Resulta que en el año 1995, Rosa Montero publicó un libro que se llama Historias de mujeres. En ese entonces se había dado cuenta que la historia en general estaba contada por hombres y basada en hombres.

Se puso a buscar mujeres que habían formado parte de hechos y momentos históricos, sin importar si habían sido buenas o malas, si habían sido las heroínas o las villanas, simplemente quería encontrar las acciones de esas mujeres que fueron y estuvieron. Era escasa la información que había y le costó mucho llegar a esos perfiles que fueron eliminados de una realidad que fue y que ahora estaba siendo contada.

El libro tuvo una recepción buenísima y en el año 2007 salió una nueva edición un poco ampliada. Y acá viene la mejor parte: con el gran movimiento y la gran repercusión que tuvieron las huelgas feministas y los paros de mujeres, tanto en España como en América Latina, en el año 2018 se volvió a editar el libro y fue lanzado nuevamente. Esta vez con un nuevo prólogo y dividido en tres partes: escupiendo fuego, historias de mujeres, y un hervor de mujeres.

Añadiendo de esta manera noventa nuevos retratos al libro que fue publicado hace más de veinte años por primera vez.
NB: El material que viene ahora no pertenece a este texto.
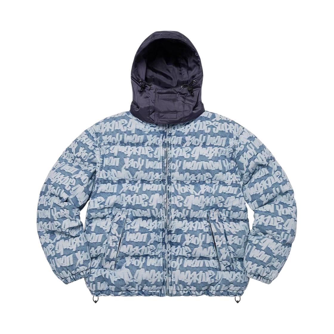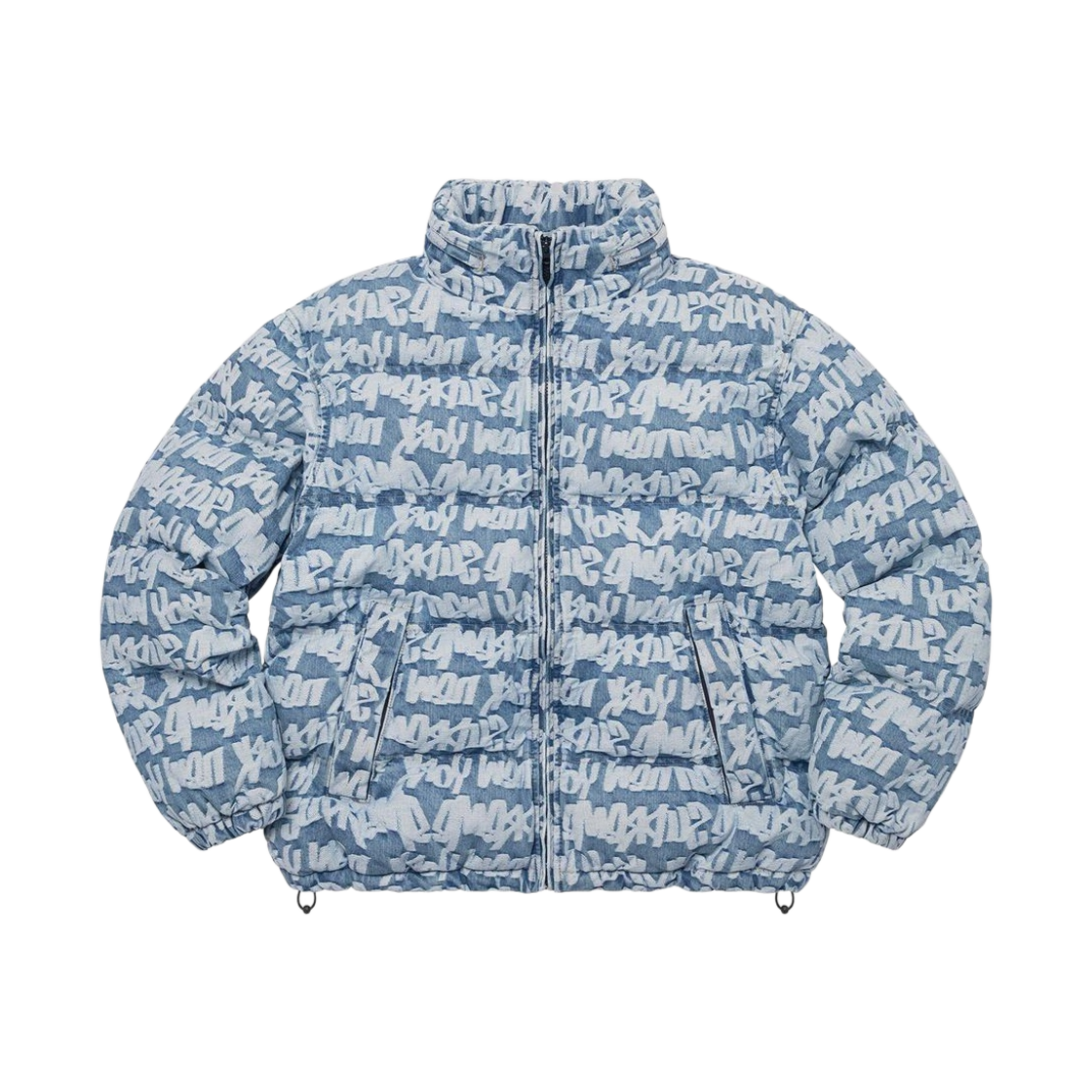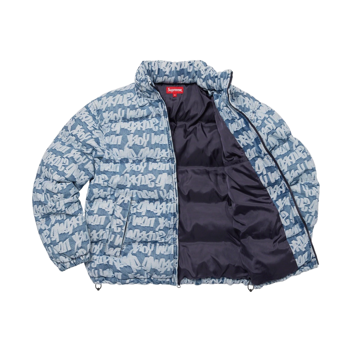 Supreme Fat Tip Jacquard Denim Puffer Jacket Blue - 22SS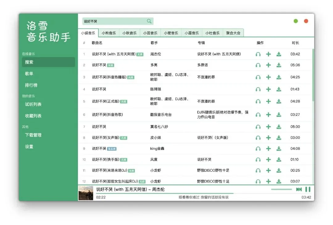 这个工具其实是将各大音乐平台整合在一起,包含搜索、歌单、排行榜等核心功能,同时可取可以试听、下载、添加收藏等。其中部分平台可以收听和下载其他平台的收费歌曲,甚至是无损音乐,你懂的。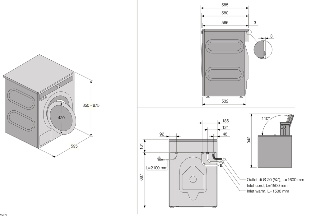 машина стиральная с фронтальной загрузкой отдельностоящая, 1800 об/мин, 9 кг, 59,5х58,5х85 см, белый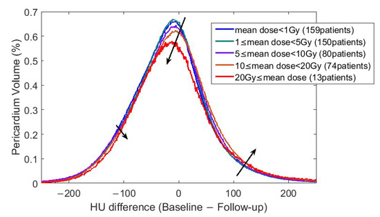 This biomarker showed the extent of HU changes for most pericardial voxels and whether there was a dose-dependency. Mean volume per HU change and per dose were calculated as: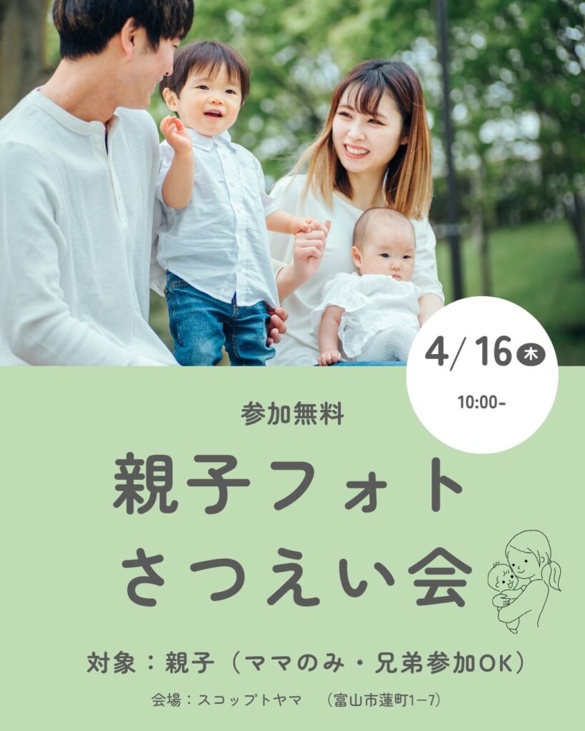 NEW! イベント案内 【参加無料】4/16親子フォト撮影会 親子フォト撮影会 in SCOP TOYAMA 春の心地よい季節に、親子の自然な笑顔を写真に残しませんか? 人気カメラマン おがちゃん による親子フォト撮影会を開催します✨ 今回は SCOP TOYAMA を会場に、晴れの日は開放感のある屋外で、雨の日はおしゃれな屋内スペースで撮影予定です。 撮影したお写... famille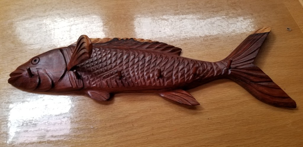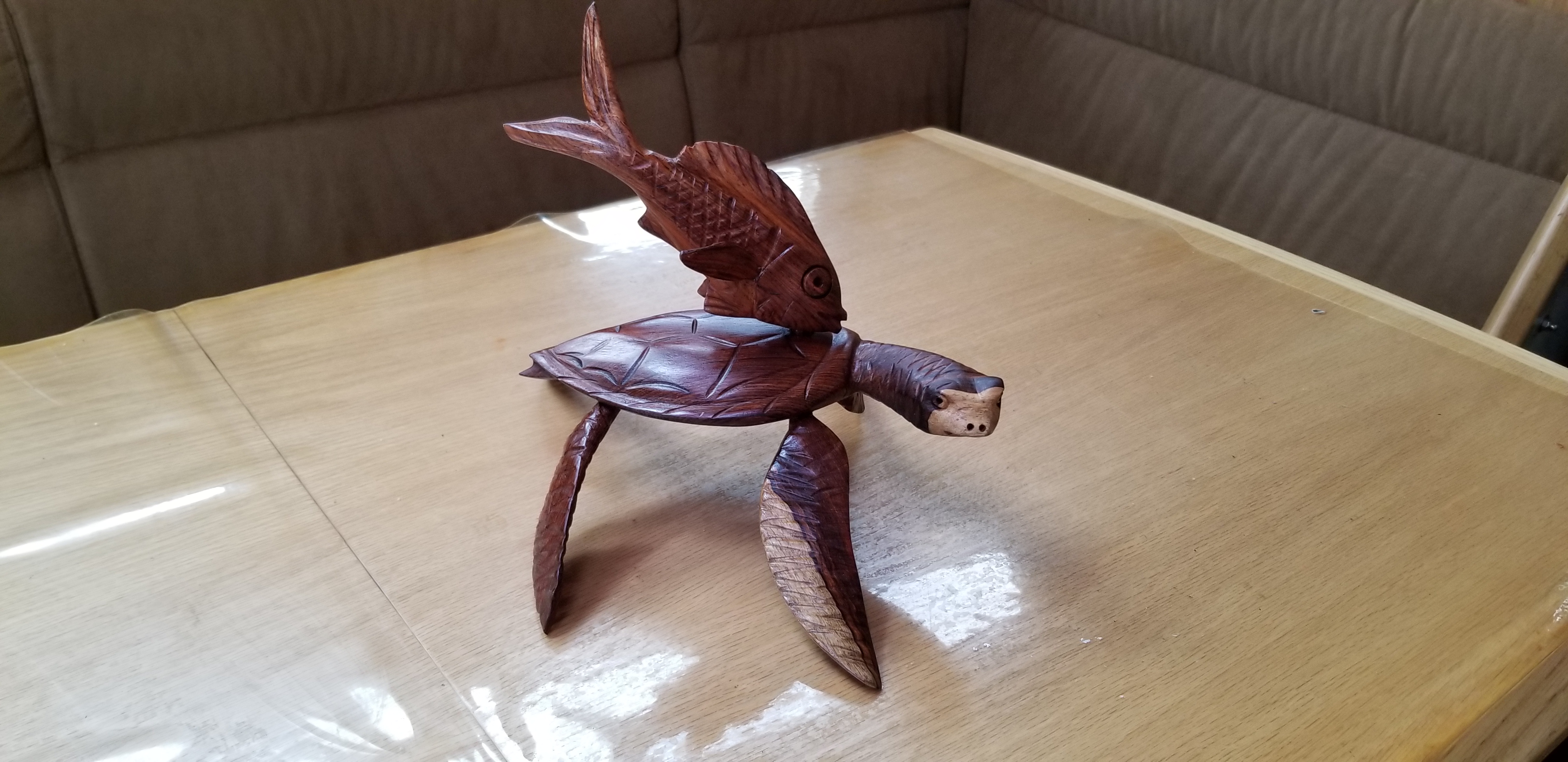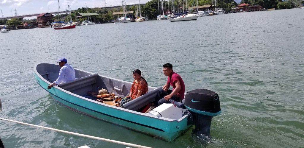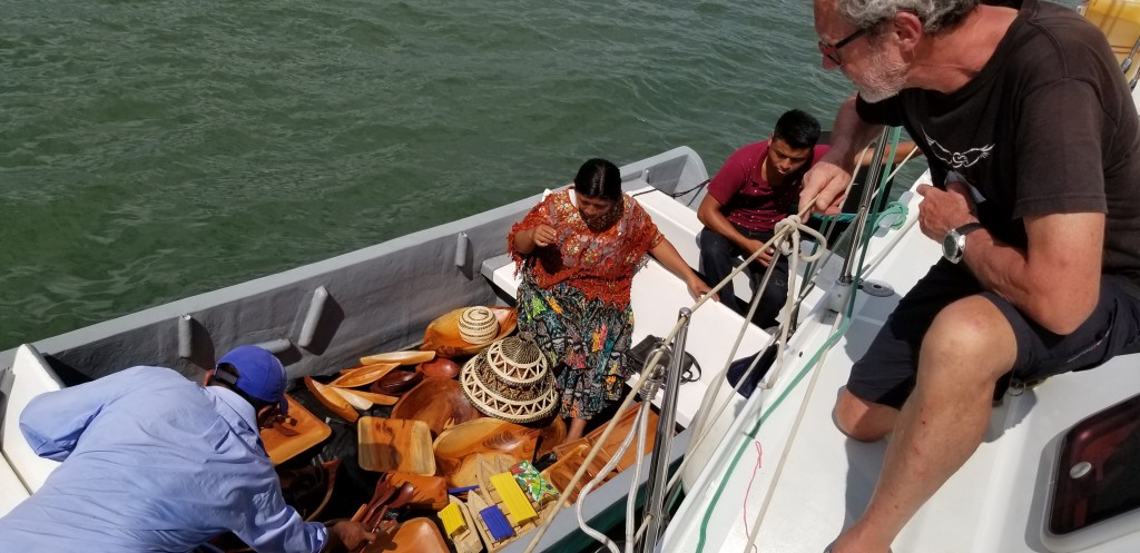 C’est le moment que choisit une petite famille d’artisans mayas, qui viennent apporter leurs créations d’objets en bois de rossul. La tentation est trop forte pour ne pas y succomber et l’équipement du bord est désormais complété d’une tortue qui se fait nettoyer le dos par un poisson, et d’un poisson porte-cuilleres..

Como dice la propia autora en esta nueva edición: “Ya va siendo hora de que dejemos de creer que la deconstrucción del sexismo es cosa de chicas, cuando en realidad se trata de una causa común que nos implica a todos. Como es obvio, el cambio del rol de la mujer supone un cambio equivalente del rol del hombre de manera que estamos hablando de un nuevo tipo de sociedad, de una nueva forma de vivir que nos afecta y nos debería interesar tanto a unas como a otros”.